Retype only the lines running from the beginning of the entries below to the line with "Starry Night (large)", both included. Do not include pictures.

======== PROVIDED MATERIAL

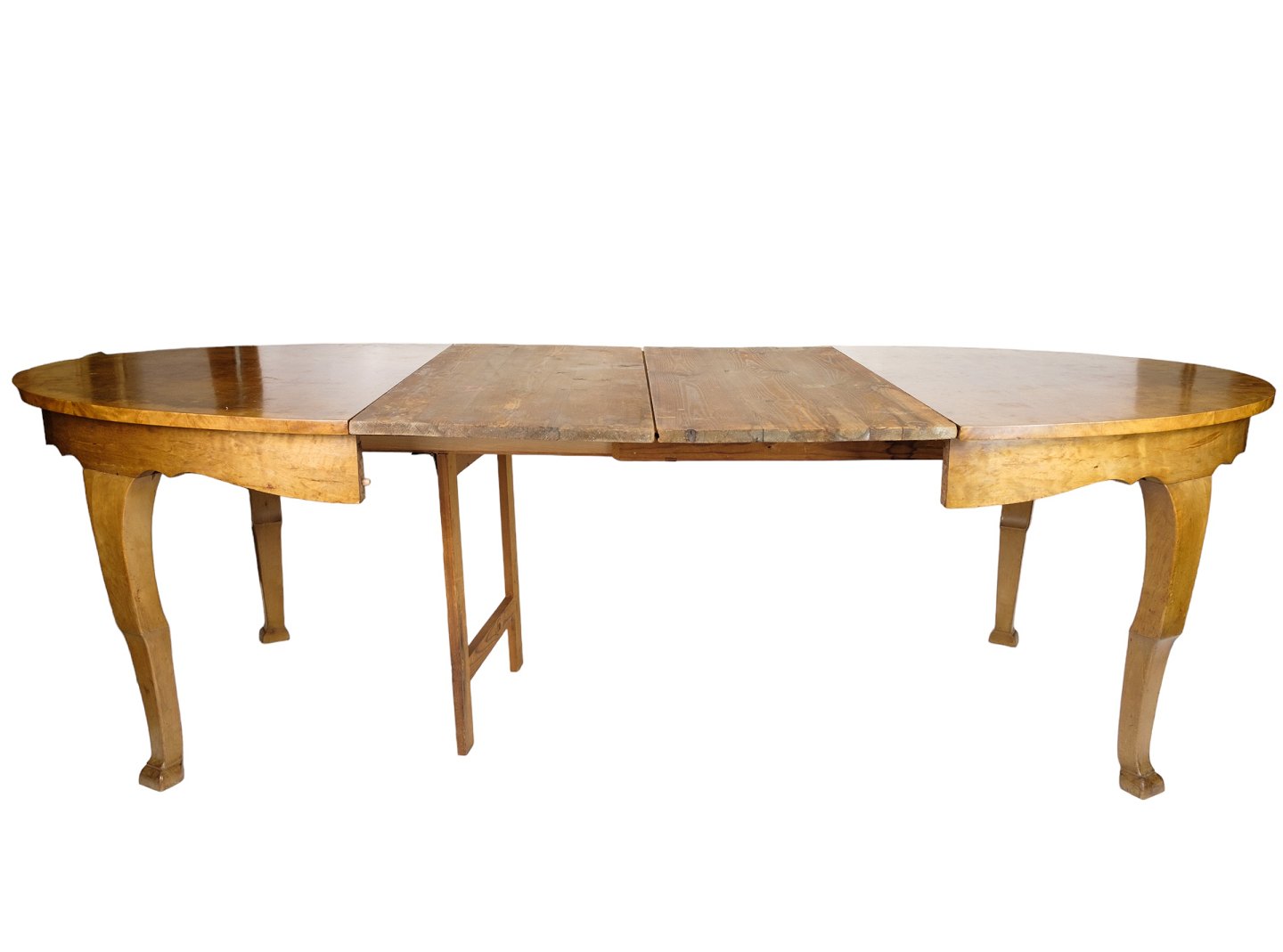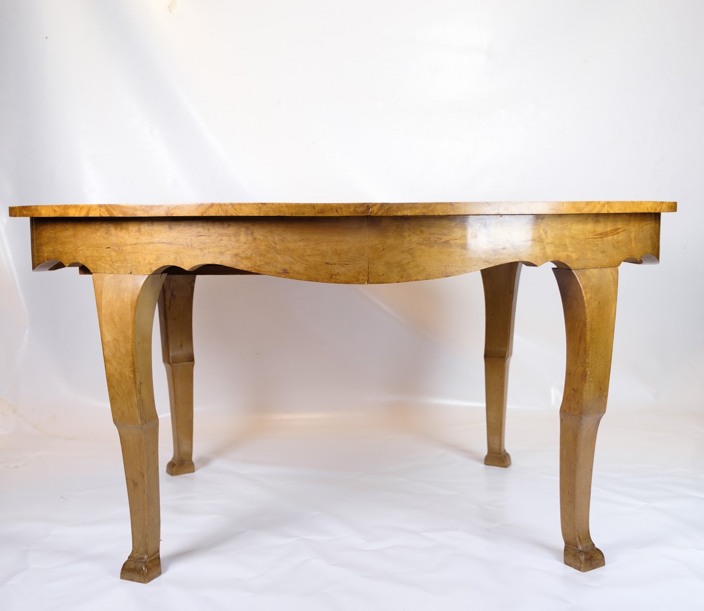 SolgtSpisebord med tillægsplader fremstillet i birketræ fra omkring 1920'erne.
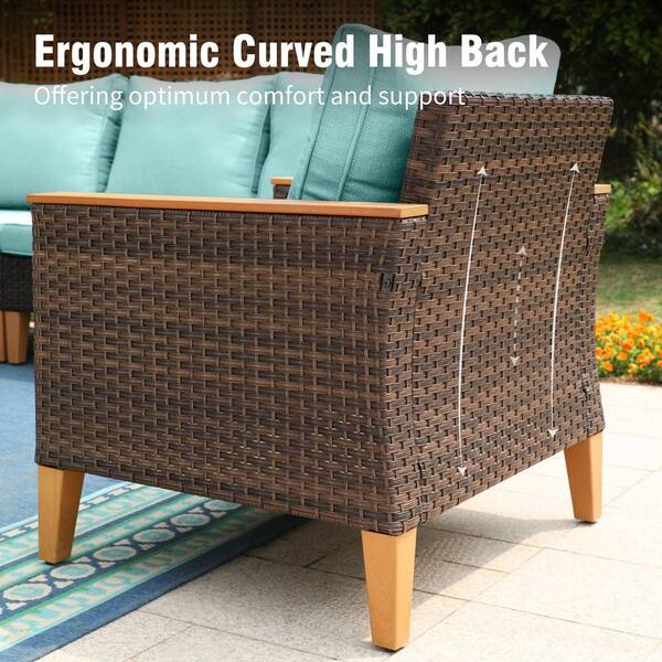 Brown Rattan Wicker 10 Seat 10-Piece Steel Patio Outdoor Sectional Set with Blue Cushions
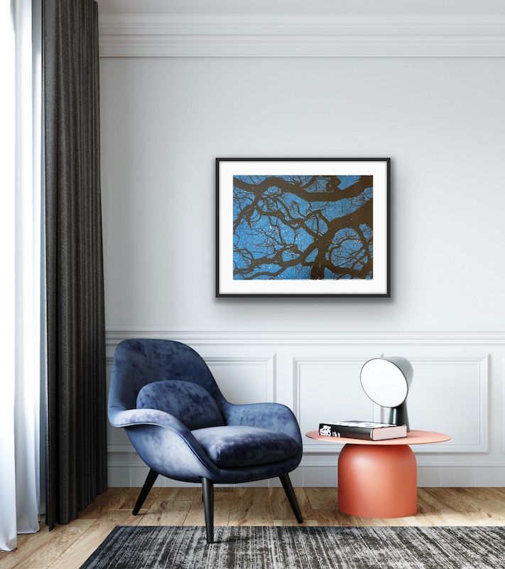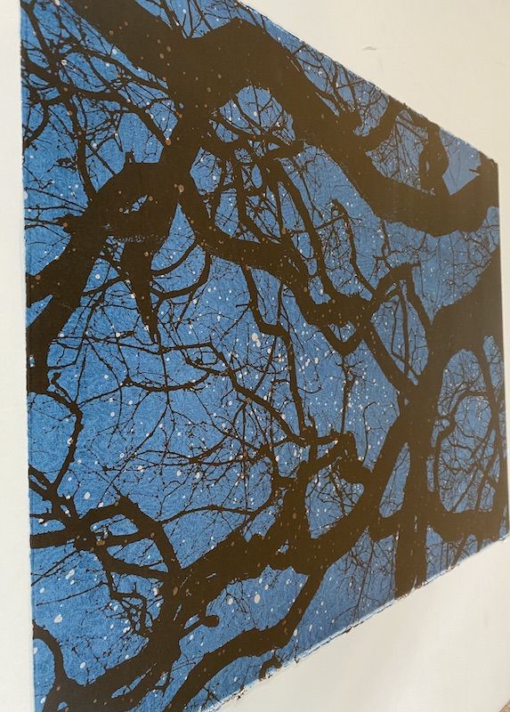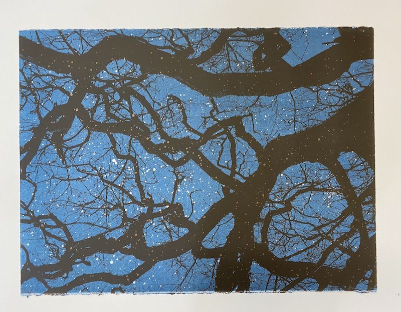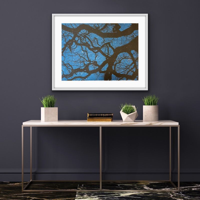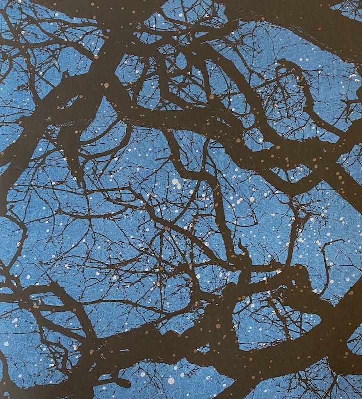 Starry Night (large) is a limited edition print by Anna Harley. This print depicts a scene of tangled branches with the night sky above filled with stars.
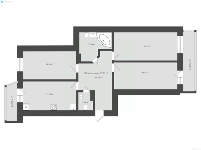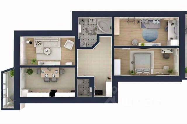 В квартире прекрасная планировка распашонкой: все комнаты изолированные, кухня 12 кв.м., санузел раздельный, вместительная гардеробная система в коридоре - идеальное решение для большой и дружной семьи!
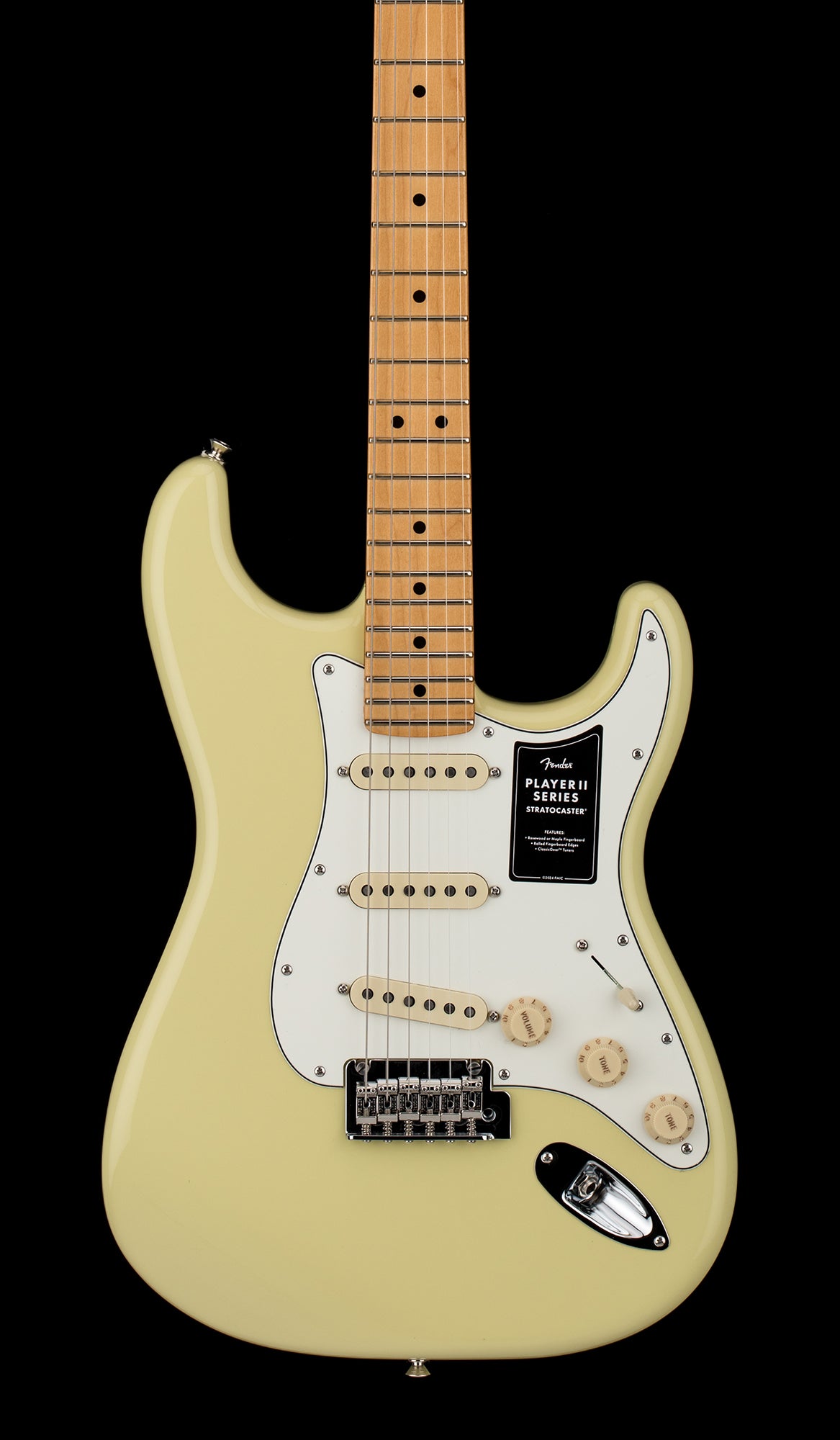 Step into the spotlight and experience iconic Fender® sound and style with the Player II Stratocaster® — a stage-ready guitar with contemporary updates to power your performance and inspire your playing. The Player II Stratocaster radiates timeless Fender charm, but under the hood, it’s primed for today’s players. Everything about the neck is designed for fast and fluid playability, from the Modern “C”-profile with silky satin urethane finish on the back to the comfy 9.5”-radius slab rosewood or maple fingerboard with smooth rolled edges and 22 medium jumbo frets. Choose from alder, chambered ash or chambered mahogany bodies available in both classic Fender finishes and never-before-seen colors unearthed from the archives. Player Series Alnico V Single-Coil Strat® pickups offer crystalline highs, musical mids and tight lows that elevate any genre. The 5-way blade switch lets you dial in everything from glassy neck pickup cleans to rowdy bridge pickup snarl and all points in between, while a 2-point tremolo and Classic Gear™ tuners ensure precise tuning stability for the flexibility to explore endless sonic possibilities. Perfect for crafting your own sound, the Player II Stratocaster has the looks, tone and feel that only a Fender delivers.
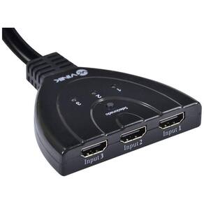 Switch Hdmi 3 Entradas E 1 Saída 1.3v Com Suporte 3d E 1080p - Chega de ter que ficar trocando cabo HDMI entre Notebook, Vídeo Game e Decoder. Conheça o novo SWITCH HDMI VINIK, com este aumento do número de equipamentos em alta definição o SWITCH HDMI VINIK é uma excelente solução para TVs que possuem apenas uma entrada HDMI ou quando as entradas forem insuficientes ou de difícil acesso para conectar todos os equipamentos. O SWITCH HDMI VINIK conecta até 3 equipamentos com saída HDMI a uma única entrada HDMI da sua televisão, sem perder a qualidade de som e imagem. - Permite conectar até três equipamentos com saída HDMI como DVD player, Blu-ray player, Home Theater, notebook, câmera digital, filmadora, videogame entre outros equipamentos ocupando apenas uma entrada HDMI da sua televisão. Com isso garante que seus aparelhos e cabos tenha uma vida útil muito maior, pois evita que desconecte frequentemente os aparelhos.Para selecionar um dos três equipamentos utilize o controle remoto (Se incluso) ou botão seletor no painel do produto e o sinal será transmitido para sua TV e possui 3 LEDs que indicam a entrada HDMI em uso. - Suporta os formatos de áudio digital Dolby TrueHD e DTS-HD e a tecnologia de vídeo Deep Color, compatíveis com a versão HDMI 1.3b que proporciona imagens nítidas, brilhantes e excelente qualidade de som. Compatível também com versões HDMI anteriores. - Conecta facilmente os cabos HDMI sem necessidade de configuração. Os cabos HDMI necessários para conectar os equipamentos na switch não estão inclusos. Características: - transferência de qualquer sinal hdmi entre as 3 linhas despreocupadamente à vontade. - Suporta 480p, 720p, 1080i, 1080p e 1920x1200. - ele pode estender a todos os dispositivos hdmi a reprodução de sinais hdmi. - suporta vídeo de alta definição de freqência; a qualidade e definição de hdtv freqência resolução proporção atinge 1080p e computador com 1920x1200 freqência resolução relação pode conseguir construir em raio infravermelho de controle facilmente - Vídeo amplificador de banda larga: 4.95 gbps. - entrada de sinal de vídeo de nível: 1.2 volts pp. - entrada ddc sinal de nível 5 volts pp ( ttl ). - Porta HDMI: 19 pinos (femea) - Power: 5v dc. - consumo de potência máximo: 5 watts - Cabo com 45 cm de comprimento;

================

_RESULT BELOW_
 SolgtSpisebord med tillægsplader fremstillet i birketræ fra omkring 1920'erne.
 Brown Rattan Wicker 10 Seat 10-Piece Steel Patio Outdoor Sectional Set with Blue Cushions
 Starry Night (large) is a limited edition print by Anna Harley. This print depicts a scene of tangled branches with the night sky above filled with stars.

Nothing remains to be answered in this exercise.